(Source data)
○ ○ ○ ○ ○ ○ ○
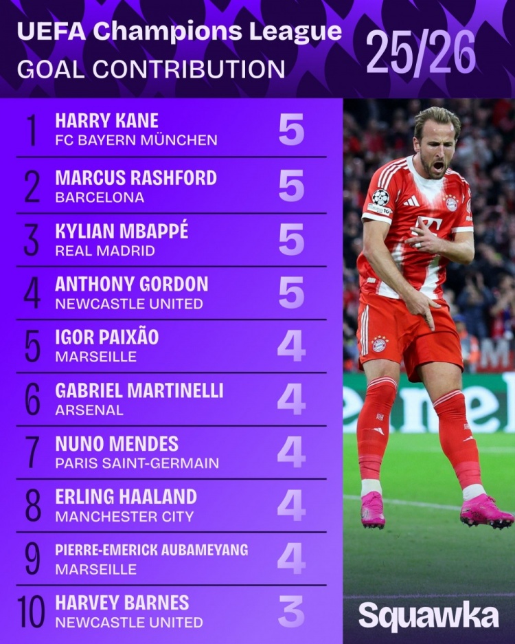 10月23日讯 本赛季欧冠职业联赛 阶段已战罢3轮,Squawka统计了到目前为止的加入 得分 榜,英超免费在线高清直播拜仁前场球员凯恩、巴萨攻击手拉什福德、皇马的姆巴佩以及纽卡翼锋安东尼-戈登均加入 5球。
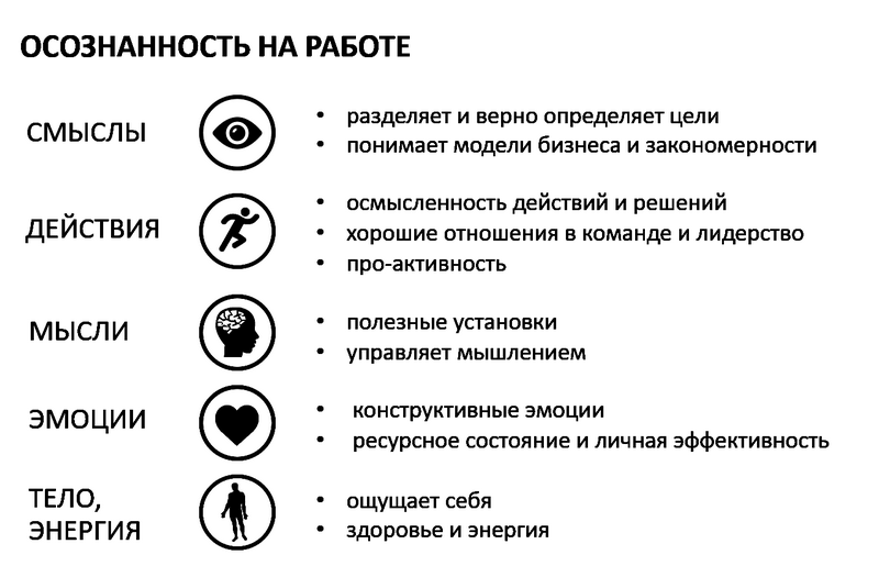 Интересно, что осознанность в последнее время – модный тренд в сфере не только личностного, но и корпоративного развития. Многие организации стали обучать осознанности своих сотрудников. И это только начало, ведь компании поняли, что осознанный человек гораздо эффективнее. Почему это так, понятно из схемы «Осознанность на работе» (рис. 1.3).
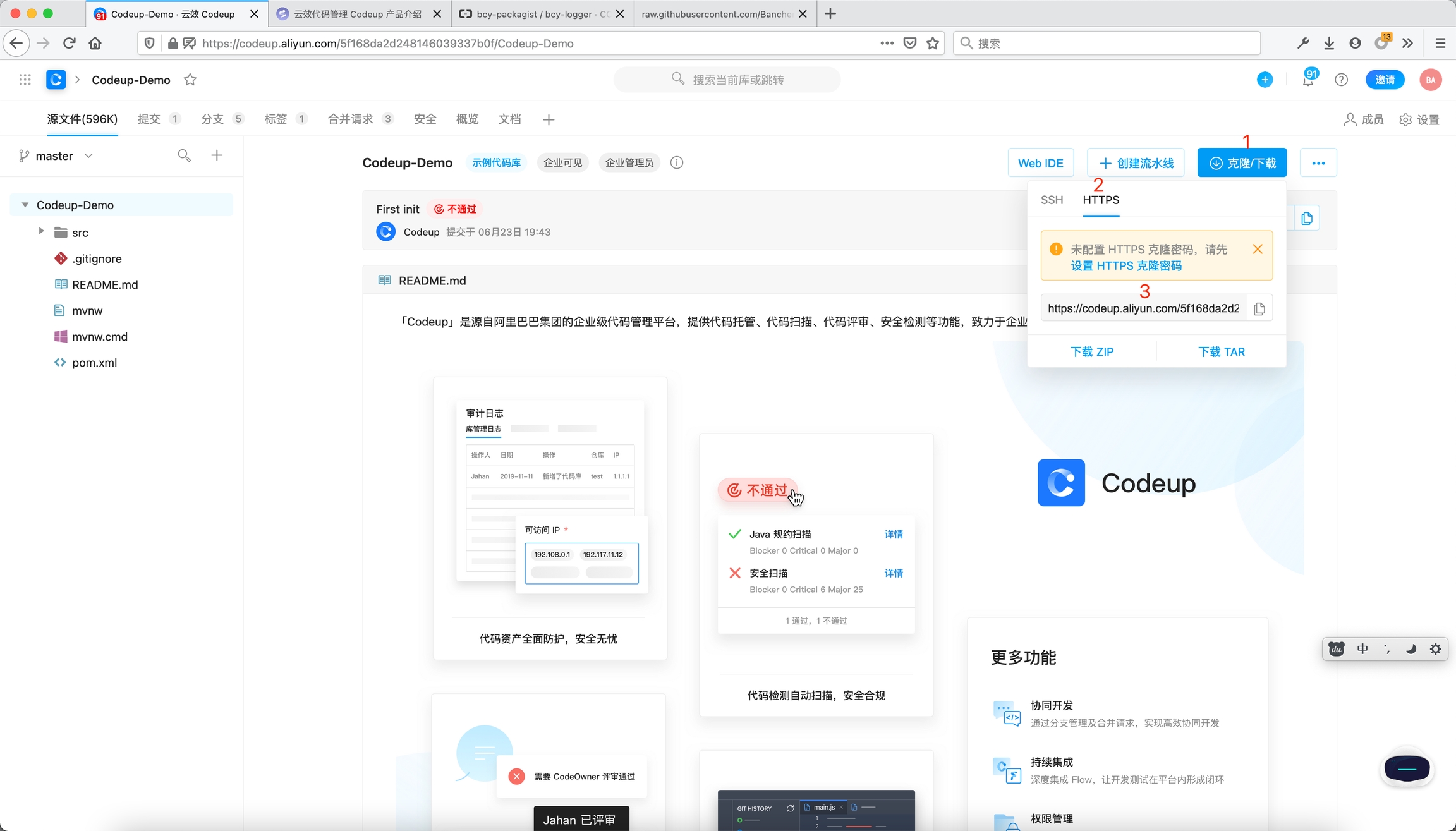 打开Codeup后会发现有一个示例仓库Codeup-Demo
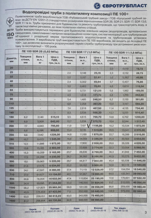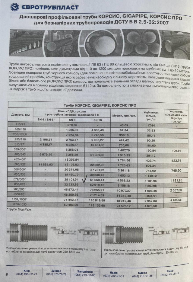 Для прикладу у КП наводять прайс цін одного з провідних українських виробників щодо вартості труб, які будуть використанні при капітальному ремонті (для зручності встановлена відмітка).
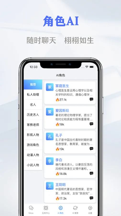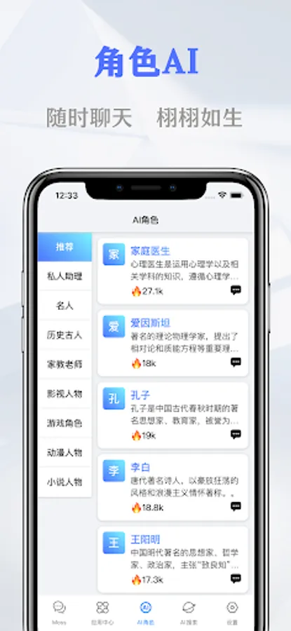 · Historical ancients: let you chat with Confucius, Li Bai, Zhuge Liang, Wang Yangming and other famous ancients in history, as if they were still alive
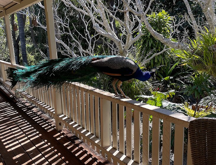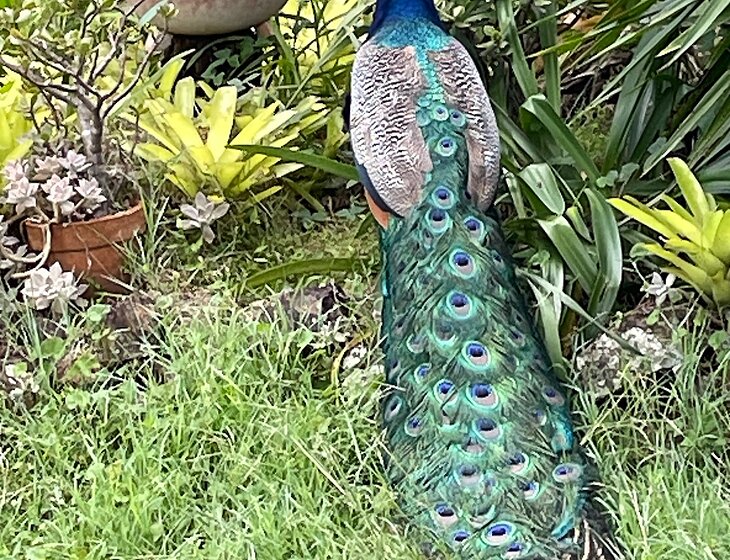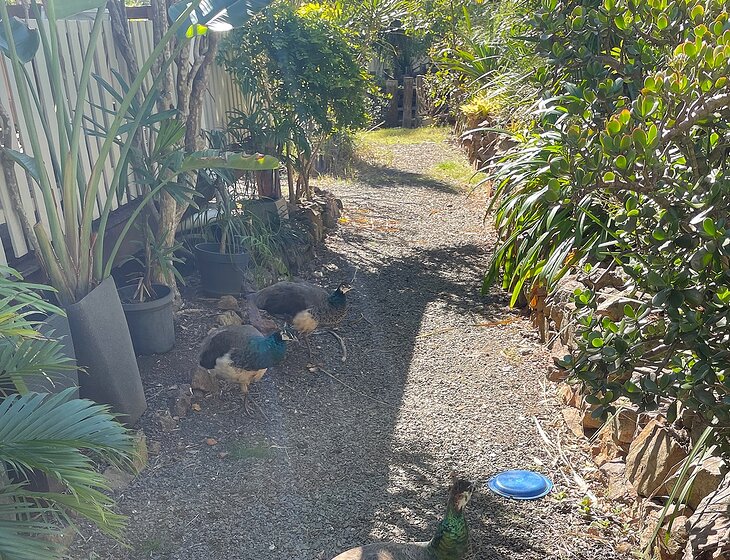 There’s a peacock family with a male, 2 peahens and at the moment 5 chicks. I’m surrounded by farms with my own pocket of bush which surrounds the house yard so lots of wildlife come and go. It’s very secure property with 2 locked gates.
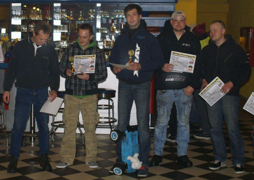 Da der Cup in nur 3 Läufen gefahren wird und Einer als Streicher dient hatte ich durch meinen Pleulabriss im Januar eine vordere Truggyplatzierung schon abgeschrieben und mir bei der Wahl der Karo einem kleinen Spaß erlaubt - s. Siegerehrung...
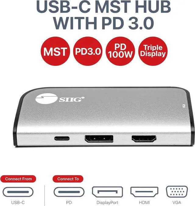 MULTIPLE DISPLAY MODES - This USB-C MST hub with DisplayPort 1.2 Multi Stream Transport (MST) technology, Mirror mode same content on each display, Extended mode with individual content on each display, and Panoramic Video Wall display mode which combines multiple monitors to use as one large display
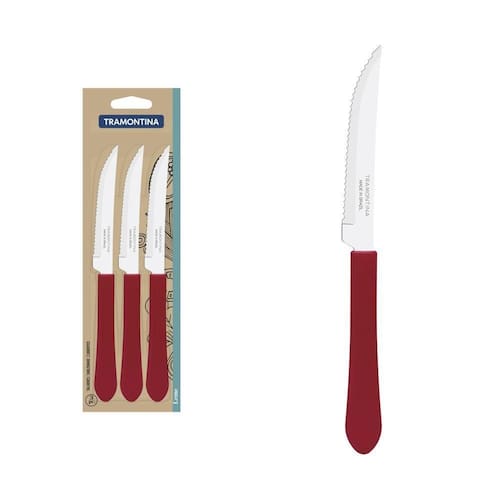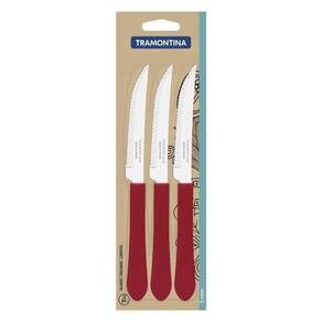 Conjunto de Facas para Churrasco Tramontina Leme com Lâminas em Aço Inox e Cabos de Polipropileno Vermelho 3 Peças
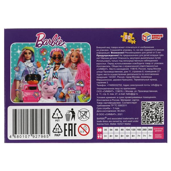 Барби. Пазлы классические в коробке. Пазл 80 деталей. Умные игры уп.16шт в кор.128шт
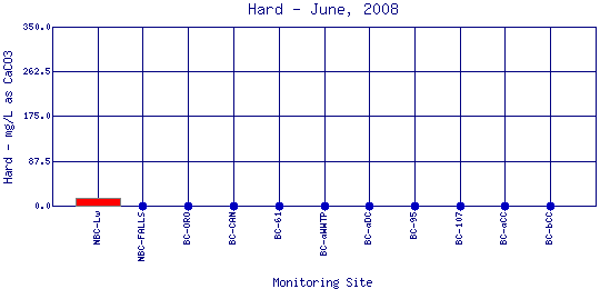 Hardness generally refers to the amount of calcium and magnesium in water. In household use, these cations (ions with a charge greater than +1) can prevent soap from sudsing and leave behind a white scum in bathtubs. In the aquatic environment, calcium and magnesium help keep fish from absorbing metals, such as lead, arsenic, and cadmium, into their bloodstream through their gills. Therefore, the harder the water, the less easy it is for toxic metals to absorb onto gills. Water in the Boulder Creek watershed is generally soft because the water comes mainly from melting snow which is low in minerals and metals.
○ ○ ○ ○ ○ ○ ○
● Task instructions
For each record above, write out every line exactly and skip the pictures.

● Expected output
 10月23日讯 本赛季欧冠职业联赛 阶段已战罢3轮,Squawka统计了到目前为止的加入 得分 榜,英超免费在线高清直播拜仁前场球员凯恩、巴萨攻击手拉什福德、皇马的姆巴佩以及纽卡翼锋安东尼-戈登均加入 5球。
 Интересно, что осознанность в последнее время – модный тренд в сфере не только личностного, но и корпоративного развития. Многие организации стали обучать осознанности своих сотрудников. И это только начало, ведь компании поняли, что осознанный человек гораздо эффективнее. Почему это так, понятно из схемы «Осознанность на работе» (рис. 1.3).
 打开Codeup后会发现有一个示例仓库Codeup-Demo
 Для прикладу у КП наводять прайс цін одного з провідних українських виробників щодо вартості труб, які будуть використанні при капітальному ремонті (для зручності встановлена відмітка).
 · Historical ancients: let you chat with Confucius, Li Bai, Zhuge Liang, Wang Yangming and other famous ancients in history, as if they were still alive
 There’s a peacock family with a male, 2 peahens and at the moment 5 chicks. I’m surrounded by farms with my own pocket of bush which surrounds the house yard so lots of wildlife come and go. It’s very secure property with 2 locked gates.
 Da der Cup in nur 3 Läufen gefahren wird und Einer als Streicher dient hatte ich durch meinen Pleulabriss im Januar eine vordere Truggyplatzierung schon abgeschrieben und mir bei der Wahl der Karo einem kleinen Spaß erlaubt - s. Siegerehrung...
 MULTIPLE DISPLAY MODES - This USB-C MST hub with DisplayPort 1.2 Multi Stream Transport (MST) technology, Mirror mode same content on each display, Extended mode with individual content on each display, and Panoramic Video Wall display mode which combines multiple monitors to use as one large display
 Conjunto de Facas para Churrasco Tramontina Leme com Lâminas em Aço Inox e Cabos de Polipropileno Vermelho 3 Peças
 Барби. Пазлы классические в коробке. Пазл 80 деталей. Умные игры уп.16шт в кор.128шт
 Hardness generally refers to the amount of calcium and magnesium in water. In household use, these cations (ions with a charge greater than +1) can prevent soap from sudsing and leave behind a white scum in bathtubs. In the aquatic environment, calcium and magnesium help keep fish from absorbing metals, such as lead, arsenic, and cadmium, into their bloodstream through their gills. Therefore, the harder the water, the less easy it is for toxic metals to absorb onto gills. Water in the Boulder Creek watershed is generally soft because the water comes mainly from melting snow which is low in minerals and metals.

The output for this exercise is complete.